Many of the marketplace operators, like NeutronField’s Miroslav Kostic, have no background in AI or even data science. They were hobbyists to start, experimenting with systems like Stable Diffusion but running into hurdles unlocking their full potential.

Chatx
Image Credits: ChatX

“I’ve been playing with AI text-to-image models since Disco Diffusion first appeared in September 2021,” Kostic told TechCrunch in an email interview. “I spent countless hours trying to bring to life the ideas that had been in my head for years — dystopian sci-fi landscapes and otherworldly spacescapes. However, I quickly realized that creating coherent images using just words was a challenge.”

Kostic largely runs NeutronField solo, personally reviewing every prompt submitted by sellers to ensure they’re in keeping with the marketplace’s content policy. (NeutronField doesn’t permit prompts that can be used to generate celebrity deepfakes, depictions of graphic violence or clones of copyrighted characters.)

For his part, Shahir Salehi, the founder of ChatX and a front-end designer with computer science and art degrees, felt the “timing was right” to launch a competing marketplace for prompt exchanging.

“There was a growing interest in the industry and a need for a more efficient and accessible way to connect prompt engineers and generative AI users,” Salehi said via email. “As AI systems improve, they can automate more processes or tasks that once required human power, make sense of data on a scale that no human could, and offer streamlined, automated ways for workers to complete manual, mundane tasks. This means that the demand for prompts that can leverage these capabilities may increase as well.”

Some marketplace founders pivoted from entirely different industries, no doubt seeking to cash in on the generative AI craze. Pisuth Daengthongdee, who started PromptSea, originally hoped to create an NFT marketplace but was deterred by the formidable competition.

“The large user base of AI-image generators such as Midjourney, DALL-E and later ChatGPT in December, with over a million users, was a major factor in our shift,” Daengthongdee told TechCrunch.

PromptSea
Image Credits: PromptSea

What’s striking about the prompt marketplaces out there is that few, if any, follow the same playbook. It’s uncharted territory, prompt selling and buying, and each platform is approaching it from starkly different directions.
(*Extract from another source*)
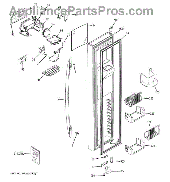 The Ice Door Assembly is an OEM part for GE refrigerators. It is integral to the ice dispenser system, controlling access to the ice chute. This component ensures the efficient delivery of ice cubes or crushed ice when activated and seals off the chute when not in use to maintain the freezer's temperature and prevent frost buildup.

For example, PromptSea “tokenizes” prompts on a blockchain, creating an immutable record of each prompt’s creation, trade and sale. There’s a downside in that prompts on PromptSea have to be “minted” before they can be sold, a process that isn’t instant — or free. But the benefit is that PromptSea-originated prompts have traceable, public trail, Daengthongdee says, which makes it easier to determine their rightful owner — and for that owner to get a cut of resales.

“What we can do is monitor new prompts and take down any suspicious ones from the website. This is similar to what other NFT marketplaces do,” Daengthongdee said. Like ChatX, PromptSea, which also sells AI-generated stories and artwork, moderates for prompts that run afoul of its quality and content guidelines. “In the long run, we will allow moderators from the network to review new prompts and receive incentives for their efforts,” Daengthongdee added.
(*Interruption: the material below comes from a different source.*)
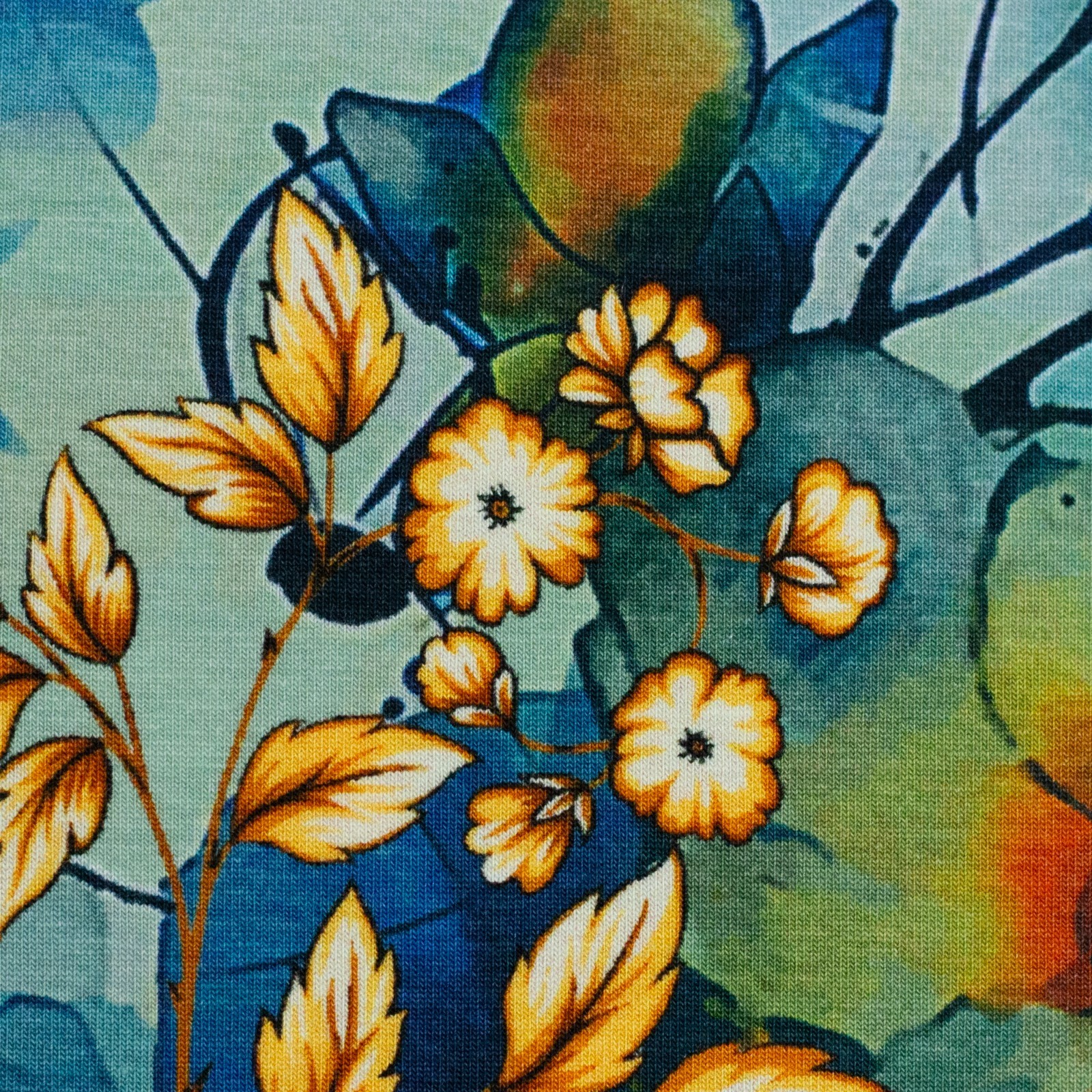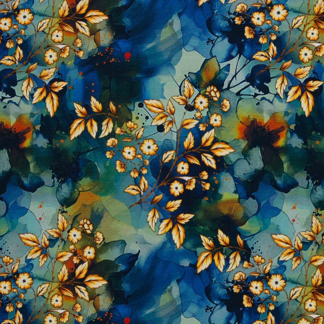 1M X 1,50M Jersey Modal Ulla Floral Vert Bleu

NeutronField is differentiated by its focus on “high-quality” text-to-image prompts plus a shop for physical goods like clothing, backpacks and laptop sleeves, Kostic says. As for ChatX, it follows a more conventional model, selling curated collections of prompts, Salehi explained.
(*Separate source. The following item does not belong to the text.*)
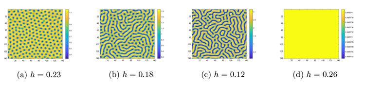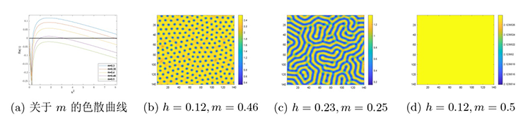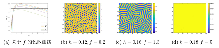 首先, 设定其余参数为 $f=0.8,b=1.2,m=0.3$ . 通过变化 $h$ 值, 通过对系统 (2.1) 的数值模拟得到了如图3 所示的色散曲线及图4(a)-(d) 所示的不同斑图模式. 当 $h=0.23$ 时 (图4(a) ), 猎物种群形成稳定且规则的点状斑图. 当 $h$ 调小至 $h=0.18$ 时 (图4(b) ), 点与条状斑图的分布整体趋于平衡, 当 $h=0.12$ 时 (图4(c) ), 斑图模式转变为以条状斑图占主导的迷宫斑图, 而当 $h=0.26$ 时 (图4(d) ), 斑图模式转变为纯色斑图, 即系统稳定性发生了变化.

ChatX pays prompt creators $39 (in Canadian dollars) for each prompt that successfully makes it through the platform’s moderation queue. Prompts on ChatX are free for the time being; ChatX only charges buyers for custom-made prompts, which cost $39 (again, Canadian dollars).

Salehi says he plans to implement a commission-based structure in the future. NeutronField is already charging commission. So is PromptSea, which collects a 10% fee on each transaction.

“I believe the prompt marketplace is considered to be a part of the AI-assisted content creation that will disrupt the global creative market,” Daengthongdee said. “AI will eventually be used as a software tool for creators, just like Photoshop or Blender, and will help individuals or studios produce creative works at a lower cost.”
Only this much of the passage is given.